Os dados de concentração de RNA virais de amostras de esgoto foram comparados com o número de casos clínicos relatados acumulados ao longo de 7 dias, mesmo quando a média móvel de 7 dias dos novos casos de Covid-19 caiu acentuadamente.
Os autores apontam que o sistema de monitoramento deve ser implementado em países emergentes como uma das linhas de ação para a resposta à pandemia de Covid-19, em especial por ser uma metodologia de baixo custo e que consegue detectar casos assintomáticos e/ou não notificados, que eventualmente não conseguem ser acompanhados pela vigilância epidemiológica clássica. A vacinação reduz a gravidade clínica, mas não previne completamente a infecção. Por isso, a redução da gravidade da doença tende a aumentar a subnotificação, o que dificulta a determinação da eficácia das estratégias de vacinação.
No Brasil, a metodologia já é utilizada em algumas regiões para rastreamento de uso de drogas ilícitas e de doenças, como a poliomielite. Países como Holanda e Austrália utilizam essa ferramenta em larga escala. Portugal e Estados Unidos adotaram a metodologia durante a pandemia.
Um dos aspectos abordados no artigo é o esforço interinstitucional envolvendo pesquisa, saúde pública e agências governamentais para apoiar o uso da metodologia ao seu pleno potencial durante a pandemia COVID-19 como parte de uma abordagem conjunta de vigilância One Health, ou saúde única em tradução livre. “É um olhar mais global para a saúde, não somente clínico”, enfatiza Bueno.
De acordo com o professor, a partir de agora, a ideia é buscar a consolidação dessa ferramenta de vigilância, resgatando o conceito de promoção da saúde pública por meio do saneamento básico. “A ideia é, por meio da Rede, consolidar um programa nacional de vigilância epidemiológica baseada em esgoto para trazer subsídios e mecanismos para que a vigilância epidemiológica do SUS possa utilizar como políticas públicas”, avalia.
Além das cidades citadas no artigo, a Rede de pesquisa coletou amostras em Fortaleza (CE), Recife (PE), Belo Horizonte (MG), Rio de Janeiro (RJ), Curitiba (PR), Porto Alegre (RS) e Porto Velho (RO).
Sobre a Rede de Monitoramento de Covid-19 em Águas Residuais MCTI – A Rede de Monitoramento de Covid-19 em Águas Residuais é uma iniciativa conjunta do Ministério da Ciência, Tecnologia e Inovações (MCTI), da Agência Nacional de Águas (ANA) e do Ministério da Saúde (MS).
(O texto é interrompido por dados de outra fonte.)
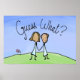 Perfeito em anunciar uma cerimônia de noivado, casamento ou compromisso com o seu parceiro, este design apresenta uma bela e doce imagem de um casal lésbico com o texto "adivinhem o quê".

A rede de monitoramento integra a RedeVírus MCTI.
Atualmente, integram a Rede de pesquisa mais de 50 pesquisadores de 12 diferentes instituições.
A Rede tem por missão integrar e promover, de forma interdisciplinar, a produção e divulgação de conhecimentos científicos e tecnológicos nas ações de vigilância epidemiológica baseadas no monitoramento de águas residuais, como alternativa de detecção precoce de surtos virais; e definir prioridades de pesquisa nesta área de conhecimento, tendo como visão a busca da excelência do saneamento básico e promoção da saúde em todo território nacional.